Treatment for COVID-19 itself is also evolving, with, for example, monoclonal antibodies producing “early signs of amazing results,” according to Inspira Health’s Baird, who explains that Inspira has a dedicated monoclonal antibodies infusion center for which qualified emergency room patients can receive infusions.

“Monoclonal antibodies are laboratory cloned proteins derived from patients who have convalesced from COVID,” adds Trinitas’ D’Angelo. “We take the best antibodies, those most specific for the ‘spike protein’ of the virus, and clone them. The infusion is given to a patient via an intravenous infusion, similar to what would look like a small bag of fluids. As the drug is infused over a course of one hour, the monoclonal antibodies recognize the COVID virus as foreign and begin to attack it.”
He adds, “Patients who do not meet hospital admission criteria, namely patients who do not require supplemental oxygen to keep their oxygen at a safe level, may be offered two different types of monoclonal antibodies. However, the key is early evaluation and medical attention, as opposed to sticking it out at home, especially for those patients with other medical conditions.”

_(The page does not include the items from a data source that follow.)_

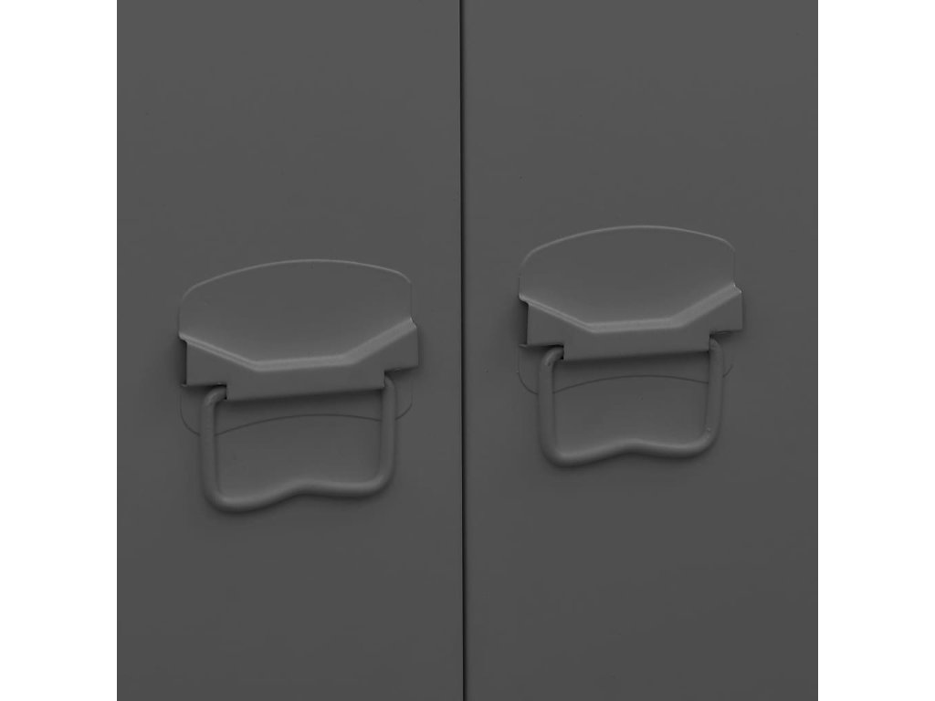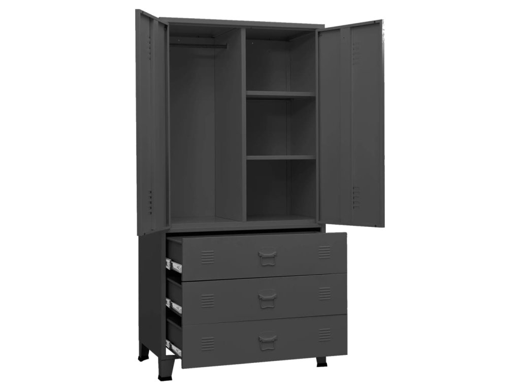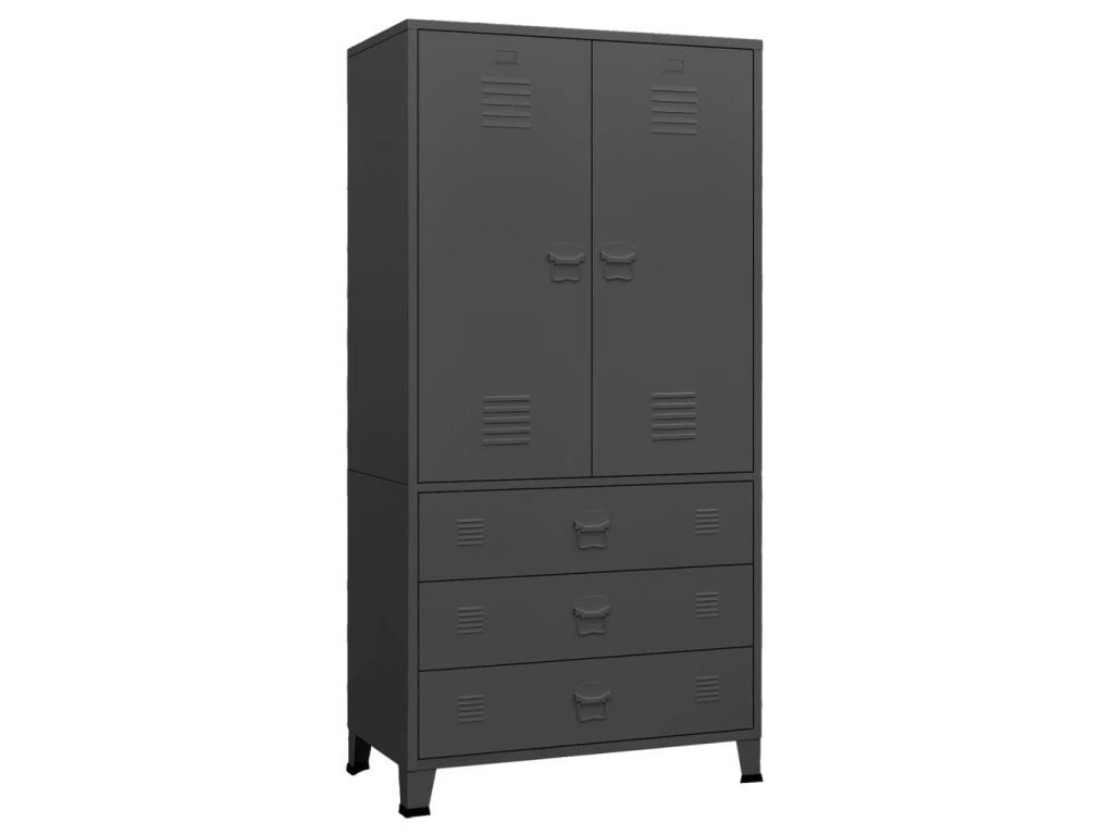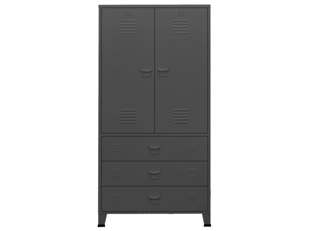 Táto skriňa je vyrobená z kovu, vďaka čomu je odolná a ľahko sa čistí. Má 2 police a 1 vešiak. Skriňa na oblečenie poskytuje veľké priehradky, ktoré vám ponúkajú dostatok úložného priestoru pre vaše dlhšie outfity, ale aj iné poskladané odevy alebo doplnky, ako sú svetre, džínsy, čiapky, kabelky atď. S menovkami a vetracími otvormi, ktoré podčiarkujú industriálny vzhľad, vám táto skrinka umožňuje triediť svoje položky. Navyše sa ľahko čistí vlhkou handričkou.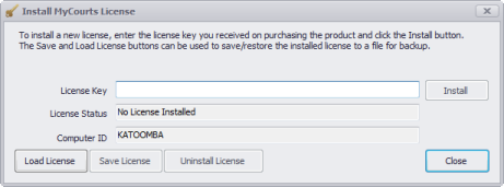 After clicking the "Load Licence" button, MyCourts will use the internet to authenticate the code you have entered. If successful, the License Status text will change to "License Installed".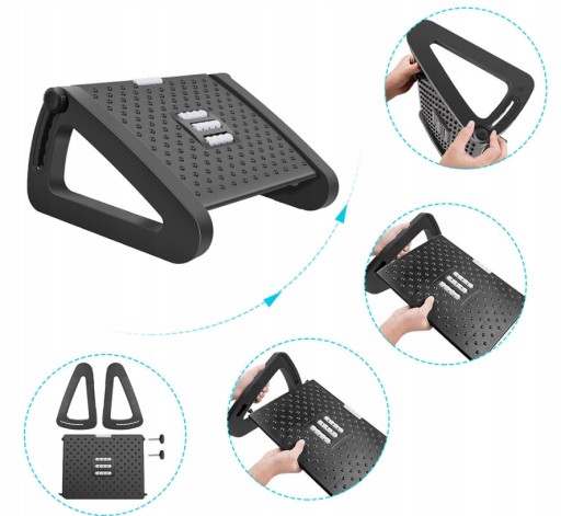- Podnóżek do ergonomicznego elementu przeznaczonego do spożycia. Pomoże Ci zastosować ustawienie siedzenia i uregulować przepływ krwi. Podczas pracy możesz także odpoczywać i zatrzymać się.

The results have been astounding, according to D’Angelo. “To date, we have an 87.5% success rate of keeping our patients out of the hospital. Approximately 12.5% have returned to then be discharged a few days later. We have had zero deaths after this drug has been administered.”

Conclusion

If there is a recurring theme at the intersection of the pandemic and EDs, it might be that although hospitals are grappling with well-publicized struggles such medical staffing levels, EDs and the various medical treatments they offer have often been shaped and improved as a byproduct of the coronavirus pandemic.

In what might be cited as yet another example, Inspira Health’s Baird says, “Wearing a mask is a thing that we just do all the time in the hospital, now … I just see us wearing masks and PPE equipment uniformly for the rest of time.”